The early comers were usually the organizers, volunteers and facilitators at Master Classes. By Wednesday, the festival begins with school visits. Authors are randomly paired and taken to different secondary schools to interact with students and teachers alike.
I was fortunate to have been gone to Baptist Girls Academy alongside the German graphic novelist Sebastian Loerscher and Zimbabwean novelist Noviolet Bulawayo. We had not prepared anything to tell the students and in the creaking bus taking us down, I said to myself that I would tell them not to do drugs.
The students had prepared for us. They did a beautiful dance choreography, drama skits, poetry recitation and asked a heap of thoughtful questions that made me think seriously of Nigeria’s future.
Hunger usually creeps in quick enough. And festival guests quickly became classically conditioned to the Green Room, which isn’t coloured green, but it still is a fitting metaphor for where we salute our gut.

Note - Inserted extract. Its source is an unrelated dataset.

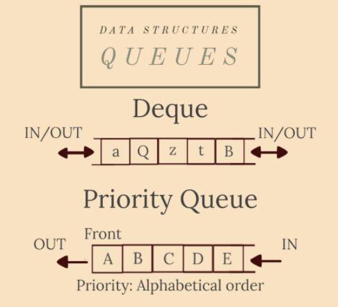 一种特殊且非常重要的队列类型是优先级队列。元素根据与它们关联的“优先级”被引入队列:具有最高优先级的元素首先被引入队列。这个 ADT 在许多图算法(Dijkstra 算法、BFS、Prim 算法、霍夫曼编码 - 更多关于它们的信息)中是必不可少的。它是使用堆实现的。

The most interesting panel discussion was called Legs Open, Eyes Closed moderated by Kolade Arogundade with panelists Kiru Taye, Toni Kan, Nana Darkoa and Chinelo Okparanta, who was particularly brilliant if not acerbic. Noteworthy was her articulation of the current state of the narrative of sex and the African bedroom as patriarchal. She said, “Shame is the power you give to people to wield over you. When I write about sex I take that power back.”
The Kadaria Ahmed moderated book chat with Teju Cole, most recently author of Known and Strange Things and Helon Habila, author of Chibok Girls, was the most attended event. The concert hall was pouringout with crowd listening with rapt attention, the articulate thoughts of both authors and the fine interlocutory techniques Kadaria Ahmed employed made for good sport.
The interview session that packed as much attendants was that of this year’s Ake headliner, Ngũgĩ wa Thiong’o, the Kenyan prolific author and activist very much interested in the health of African languages. How fitting it was that before Nigerian prose stylist Okey Ndibe began interviewing him about his prison experience and exile from home, a cast of Ake guests read different translations of his short story Upright Revolution published in Jalada Magazine and translated into at least 30 languages.
Writer, poet and Yoruba exponent, Kola Tubosun also auditioned the first Yoruba translation of this story at this event. You need to have seen how wide the acclaimed Kenyan author’s smile was. A Gikuyu man who perhaps understood in addition to Gikuyu, the English and Swahili versions, his interest was in the different textures of the story in other African languages as opposed to meaning. To my mind and perhaps other attendees, that story, Upright Revolution, had been successfully decolonized, at least it’s author’s mind.
Then there were star-studded performances at the Poetry and Palmwine event opened by the fastest rising poet, Chika Jones. Ogaga Ifowodo and Michael Kelleher read from their books, A Good Mourning and Museum Hours respectively. Dike Chukwumerije and Lebo Mashile performed strong pieces but it was Titilope Sonuga who stole the night away.
Then the night sauntered into the exhibition room which had transformed into a club with thumping music, strobe lights and dancing bodies hoisting cocktails and shoveling finger foods into their mouths. The party receded deep into the night because dance, too, is a kind of literature that doesn’t require a center stage, microphones or due process.